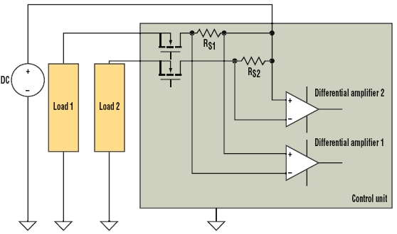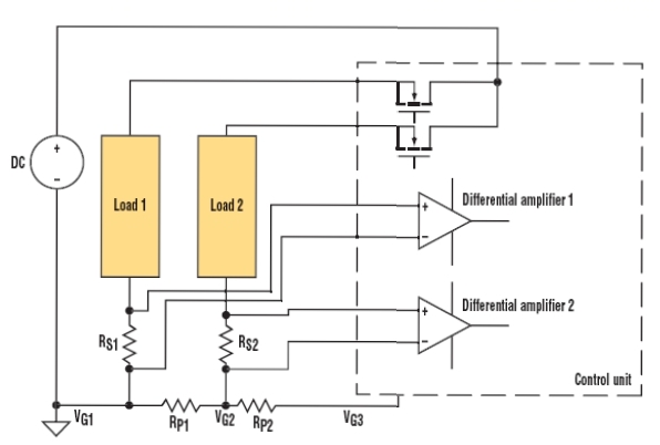 由于低端測(cè)量例子可能產(chǎn)生共模問題,這里考慮圖4所示的分布負(fù)載系統(tǒng)。虛線框中的控制單元使用MOSFET來(lái)控制輸送到兩個(gè)負(fù)載的功率。電源、負(fù)載和控制單元之間的寄生電阻RP1和RP2代表接地引線電阻和連接器電阻之和。在實(shí)際電路中,它們的數(shù)值可能為幾百毫歐。對(duì)于這個(gè)例子,假設(shè)RP1和RP2為0.2 Ω。差分放大器1和2與圖3中的差分放大器類似。
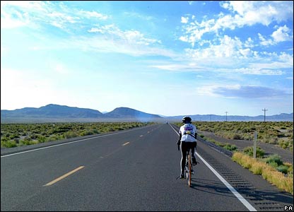 جين تاملينسون، که خود مبتلا به بيماری سرطان است، از صحرای نوادا عبور کرد. او قرار است برای کمک به بيماران سرطانی، 4200 کيلومتر سرتا سر آمريکا را با دوچرخه رکاب بزند.
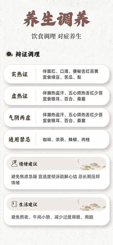 3、基于体质与实时状态,输出具体的行动指南,协助用户在饮食、运动、起居等方面做出更适宜的选择。
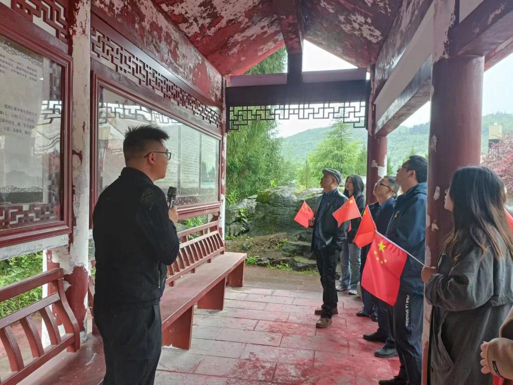 随后全体党员赴忠堡大捷纪念园同上一堂党史教育课。全体党员步入灰白色的广场,环视两边,土家族民居风格的文化长廊上用图片和文字,展示着忠堡大捷的历史故事,追溯着党的革命历程。
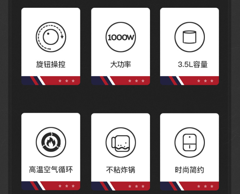 产品名称:空气炸锅 额定频率:50Hz 净重/毛重:3.2/3.8kg 产品型号MC-KL355 额定功率:1000W 产品尺寸325*245*308mm 额定电压:220V~ 炸篮容量:3.5L
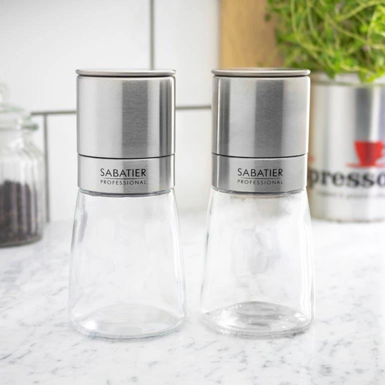 - Marseille 2 Piece Salt, Pepper Mill Set Glass / Stainless Steel.Â
****************************************
§ **Instructions to follow**
Print the listing word for word, but omit the pictures.

§ **Solution to this exercise**
 由于低端測(cè)量例子可能產(chǎn)生共模問題,這里考慮圖4所示的分布負(fù)載系統(tǒng)。虛線框中的控制單元使用MOSFET來(lái)控制輸送到兩個(gè)負(fù)載的功率。電源、負(fù)載和控制單元之間的寄生電阻RP1和RP2代表接地引線電阻和連接器電阻之和。在實(shí)際電路中,它們的數(shù)值可能為幾百毫歐。對(duì)于這個(gè)例子,假設(shè)RP1和RP2為0.2 Ω。差分放大器1和2與圖3中的差分放大器類似。
 جين تاملينسون، که خود مبتلا به بيماری سرطان است، از صحرای نوادا عبور کرد. او قرار است برای کمک به بيماران سرطانی، 4200 کيلومتر سرتا سر آمريکا را با دوچرخه رکاب بزند.
 3、基于体质与实时状态,输出具体的行动指南,协助用户在饮食、运动、起居等方面做出更适宜的选择。
 随后全体党员赴忠堡大捷纪念园同上一堂党史教育课。全体党员步入灰白色的广场,环视两边,土家族民居风格的文化长廊上用图片和文字,展示着忠堡大捷的历史故事,追溯着党的革命历程。
 产品名称:空气炸锅 额定频率:50Hz 净重/毛重:3.2/3.8kg 产品型号MC-KL355 额定功率:1000W 产品尺寸325*245*308mm 额定电压:220V~ 炸篮容量:3.5L
 - Marseille 2 Piece Salt, Pepper Mill Set Glass / Stainless Steel.Â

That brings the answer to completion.